A Wimereux (Pas-de-Calais), des bénévoles ramassent les détritus rejetés par la mer sur 100 mètres de plage, pour mieux les étudier. Leur objectif : recenser les déchets afin d’alimenter une étude et, à terme, trouver des solutions pour limiter la pollution.
Cette plage est prisée des sportifs, des oisifs et des contemplatifs, mais on y trouve aussi de tout, y compris une multitude d’applicateurs de tampons hygiéniques usagés, de mégots, de cartouches d’encre.
« Tout finit toujours dans la mer »
L’engagement de Laurent Colasse remonte à 2007, date de ses premiers ramassages sur les berges de la Seine. Puis, en vacances sur l’île d’Ouessant (Finistère), à l’été 2010, ce chimiste qui vit à Rouen se prend une claque : « J’étais sur la pointe ouest de l’île, dans cet endroit magnifique on ne peut plus sauvage, quand j’ai découvert des granulés de plastique au sol. Les bras m’en sont tombés. Je me suis dit : ‘Non. Pas ici !' »
Depuis, à force de prélèvements effectués sur les bords de la Seine ainsi que sur les côtes de la Manche, il peaufine le portrait-robot de « l’homo-détritus » : il s’agirait d’un pollueur ordinaire, peut-être un peu porté sur la boisson, souffrant de constipation chronique et intraitable sur l’hygiène auriculaire. « On retrouve énormément de bouchons de bouteilles. Par chez moi, on ramasse aussi constamment du Microlax [un laxatif qui s’administre par voix rectale via un petit récipient-flacon en plastique]. C’est la star des médicaments chargés par la Seine, explique-t-il. Le flacon doit avoir un goût particulier parce qu’on le retrouve grignoté, sans doute par des petits animaux. Quant aux cotons-tiges, on en a trouvé entre 2 000 et 2 500 sur 100 mètres en nettoyant les bords de la Seine », continue-t-il en arpentant la digue de Wimereux.
Pour cette journée de nettoyage, triage et recensement de déchets, il a retrouvé à 10 heures des amis de l’association locale Sea-Mer, une dizaine de potes, tous originaire du Nord-Pas-de-Calais. Baskets au pied, sac poubelle à la main, ils sont déjà courbés sur une bande de galets à deux pas du club nautique. La mission : récolter les rebuts, sur 100 mètres uniquement. C’est la règle, conformément au protocole Ospar (en anglais), une initiative européenne de protection de l’Atlantique Nord.
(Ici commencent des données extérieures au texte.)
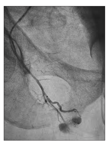
Figure 1: Extravasation from the bleeding artery

As bleeding control is one of the basic tenets of trauma resuscitation which must be addressed proactively, lack of an expected elevation in hemoglobin levels despite blood transfusion raised our suspicions of a re-bleeding. Furthermore, we wanted to avoid the risks of a possible massive transfusion protocol in case of the bleeding control could not be achieved. Although the vital signs of the patient were in normal limits after blood transfusion, base excess level was -7, which indicated the patient is still having a hemorrhagic shock<sup>[9]</sup> [Graph 1]. Thus, we

En quelques minutes, bingo : les « classiques » apparaissent, au milieu du verre brisé, des emballages de kebabs, des filets de pêche et des caisses de polystyrène. Cotons-tiges (sans leurs embouts en coton), récipients de Microlax grignotés et bouchons de liège… « . Près de 80% des déchets marins proviennent de la terre ferme.
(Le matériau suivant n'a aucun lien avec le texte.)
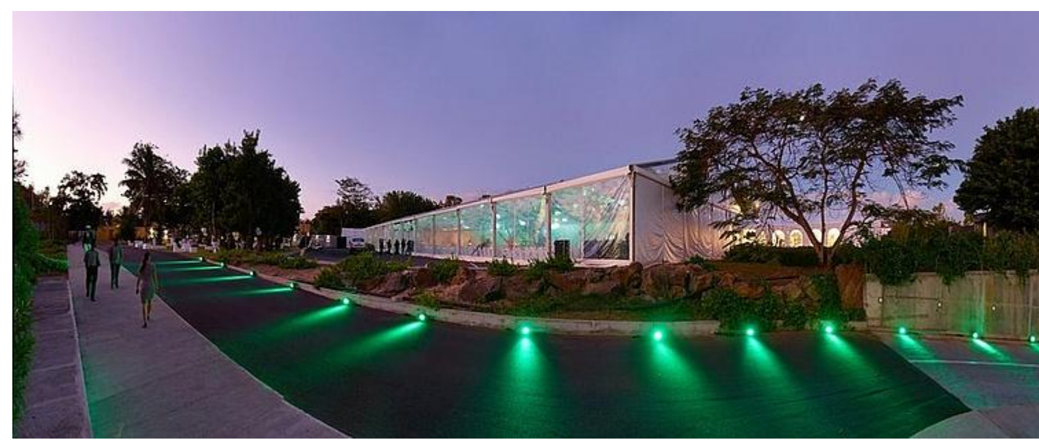
Equipment and crew was supplied by the two companies, which both have a reputation for technical excellence.

Multi-Media provided specialist projection, screens and control – deployed at two of the sites – plus six crew; while all tents, sound, lighting and staging for all the evening activities together with crew came from Impact.
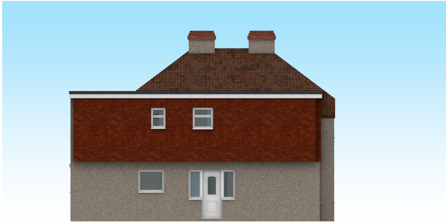
3 Side Elevation (Left)
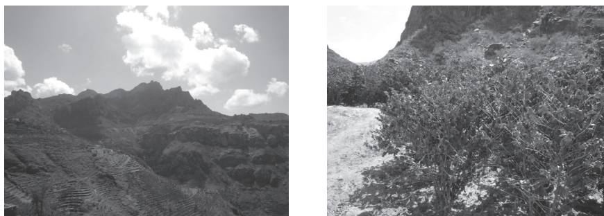
Figure 3. A Coffee Plantation in Yemen

Though Niebuhr's visit to Yemen was in the eighteenth century, his account tells us that there was a kind of irrigation system in place. He also reports that the local people there were more accustomed to European people than anywhere else in Yemen, but were a little suspicious of the members of his expedition because they did not seem to be European merchants wanting to trade in the area [Niebuhr 1994: 294–295]. This testifies to the presence of European merchants in the interior of Yemen to purchase coffee. However, usually the coffee beans cultivated there were bought by middlemen, such as Arab or Indian merchants, then taken to Bayt al-Faqīh, a market trading in the coffee produced in the highlands, from which it was exported by both land and sea.
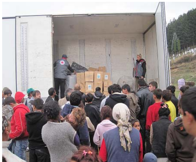
Distribution in Berane, November 11 th 2010.

Crisis headquarters were established in Berane and Plav, and Secretaries of the local Red Cross branches are members of those. Local authorities from all three municipalities in cooperation with UNHCR provided two cooked meals for all the people evacuated on a daily basis since 10 th November. The Red Cross of Montenegro and UNHCR provided emergency relief items for the evacuated population in Berane. Local Red Cross disaster teams are in the field to monitor the situation and to coordinate Red Cross activities with other partners.

« C’est essentiel de trier et d’archiver »
« Il m’est arrivé de devoir montrer des trucs à mes parents, comme des emballages ou des marques tellement vieilles que je ne les ai pas connues ! On retrouve des choses qui ont parcouru des milliers de kilomètres aussi, comme hier, un emballage du Canada. » Plus archéologues que nettoyeurs, Jonathan, Laurent et leurs amis cherchent à comprendre d’où viennent ces vestiges pour mieux les combattre. « Je suis originaire d’ici, j’ai fait de la voile très tôt puis je suis entré dans la marine marchande, résume Jonathan, sans préciser à quand remonte son amour pour l’océan.
Sur une bâche, ils ont vidé les neuf sacs de 100 litres remplis de détritus récoltés dans la matinée. Les bouchons d’un côté, les produits d’hygiène ou d’entretien de l’autre, etc. Les emballages alimentaires et les polystyrènes se chiffrent en milliers. Ils les comptent, un par un.
« C’est essentiel de trier et d’archiver ce que l’on retrouve, d’essayer de comprendre », assure Jonathan d’une voix posée.
« Arrêter le déchet à sa source »
Pour les militants de l’association Surfrider Europe, l’interdiction des sacs plastiques à usage unique en France, depuis le 1er janvier 2017, a prouvé qu’il était possible de faire évoluer les mentalités et de contraindre une puissante industrie. « Nettoyer, c’est vrai que ça ne sert qu’à faire parler du problème, à éduquer et à sensibiliser. Le vrai but derrière, c’est d’arrêter le déchet à sa source, confirme Philippe Maison, au téléphone, depuis son bureau de Biarritz. Après les sacs, on va mettre le paquet sur les bouteilles en plastique.